Hi, I think 61.99 is a bit low. Do you mean 61.99 is achieved with the correct code?

Yeah, the model just finished training. I re-generated the dataset 2 days ago. Although, I'm not entirely sure about training the 2nd stage - am I supposed to link in the config the weights I got from the first stage or should I've just used yours? In any case, I would get warnings like missing keys in source state_dict: pts_backbone.SA_modules.0.mlps.0.layer0.conv.weight,pts_backbone.SA_modules.0.mlps.0.layer0.bn.weight,pts_backbone.SA_modules.0.mlps.0.layer0.bn.bias,pts_backbone.SA_modules.0.mlps.0.layer0.bn.running_mean,pts_backbone.SA_modules.0.mlps.0.layer0.bn.running_var, and so on.
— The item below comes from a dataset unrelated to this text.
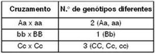 Portanto: 2 x 1 x 3 = 6 genótipos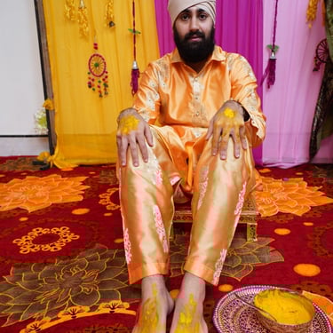 My issues, however, were very different from my parents’, who were running around everywhere preparing for all the other events before the big day. First was my Haldi — I got all dressed up at home, guests arrived, and they applied turmeric paste to my face and hands. The turmeric is meant to purify and bless the bride and groom before the wedding, and supposedly give you a nice glow… although mostly it just leaves you looking like you lost a fight with a highlighter. Then came my Sagan, where the bride’s family visits the groom to present gifts and sweets and, in Sikh traditions, symbols of faith such as a kirpan or a kada. This took place at the Gurdwara. Later that evening, I met my — now — wife at the banquet hall for our cocktail party.

Which is understandable since we are only using a 2D network to train a 3D one and they have different layers. Or maybe I'm doing something wrong here.

yezhen17 commented 3 years ago

The missing keys warning is normal because we did not load the 3d backbone. You can either link the weights you trained or provided by us. How much did you get from first stage?

There is also a probability that the model is simply unlucky. As SUN RGB-D is not a very big dataset, some fluxation is expected.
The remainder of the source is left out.